At the destination, this practice should be continued while adjusting to local time and moving the breakfast and evening-meal times (and corresponding doses of insulin) towards local times by one to two hours each day.

However, this is general advice and will not be suitable in every case. The policy of perfection is for each patient to contact their diabetes nurse specialist with the precise details of their schedule and to arrive at an individualised plan for changing their insulin regimen as they travel.

What advice should be given if a patient is on twice daily biphasic regimen and travelling east?

Travelling east effectively shortens the day. If the patient is only crossing two or three time zones (i.e. shortening the day by just a couple of hours) the normal morning dose of insulin should be taken before departure and then the afternoon/evening dose at the destination at the same (local) time as usual e.g. with the evening meal.

If they are crossing five or more time zones this option is not viable as it may result in 'double-dosing' and increased risk of hypoglycaemia. We normally advise our patients to continue to take their insulin at approximately the same times of day as usual (advise the patient to keep their wrist watch on UK time). In practice this will mean taking the second dose of the day with a meal close to the usual evening-meal time (UK time) while travelling.

At the destination this practice should be continued while adjusting to local time and moving the breakfast and evening-meal times (and corresponding doses of insulin) towards local times by one to two hours each day.

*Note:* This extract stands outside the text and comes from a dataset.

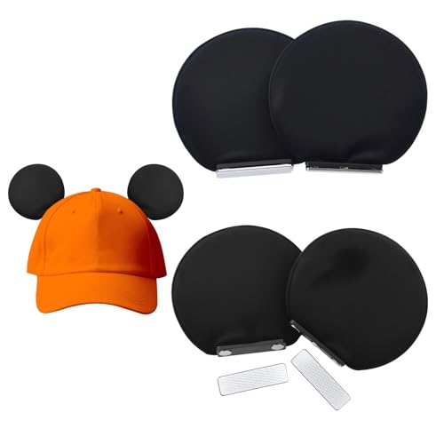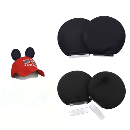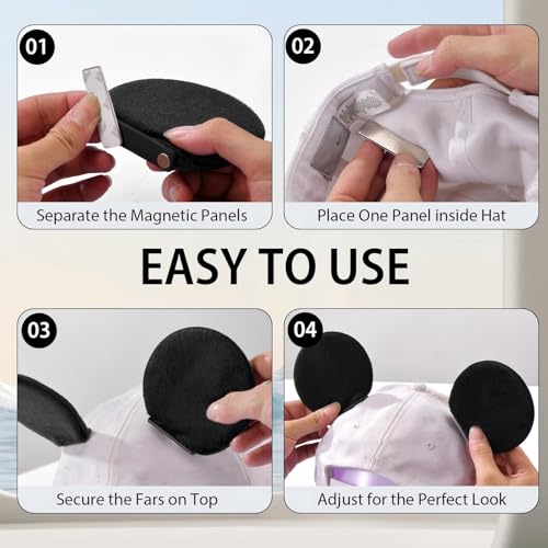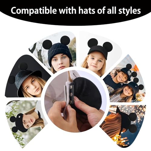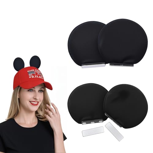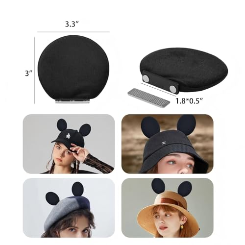 4 Pcs Magnetic Mouse Ears for Hats, Removable Magnet Minni Ear for Cap, Interchangeable Mouse Ears for Baseball Hat, Clip-On Hat Accessory, Adults and Kids, for Theme Parks Halloween Christmas Black

However, this is general advice and will not be suitable in every case. The policy of perfection is for each patient to contact their diabetes nurse specialist with the precise details of their schedule and to arrive at an individualised plan for changing their insulin regimen as they travel.

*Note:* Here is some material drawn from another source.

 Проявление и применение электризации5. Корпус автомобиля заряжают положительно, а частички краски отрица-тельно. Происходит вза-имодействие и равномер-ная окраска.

What advice should be given to patients if they have T2DM treated only with tablets?

On the day of departure and while travelling they should take their medication at the usual times (advise them to keep their wrist watch on UK time). After the first night at the destination they should then switch to local time.

The only slight caution with this policy is if travelling east and shortening the day by a significant amount there is a small risk of sulphonylurea-induced hypoglycaemia by taking two doses of SU too close together, in practice this isn't usually an issue however.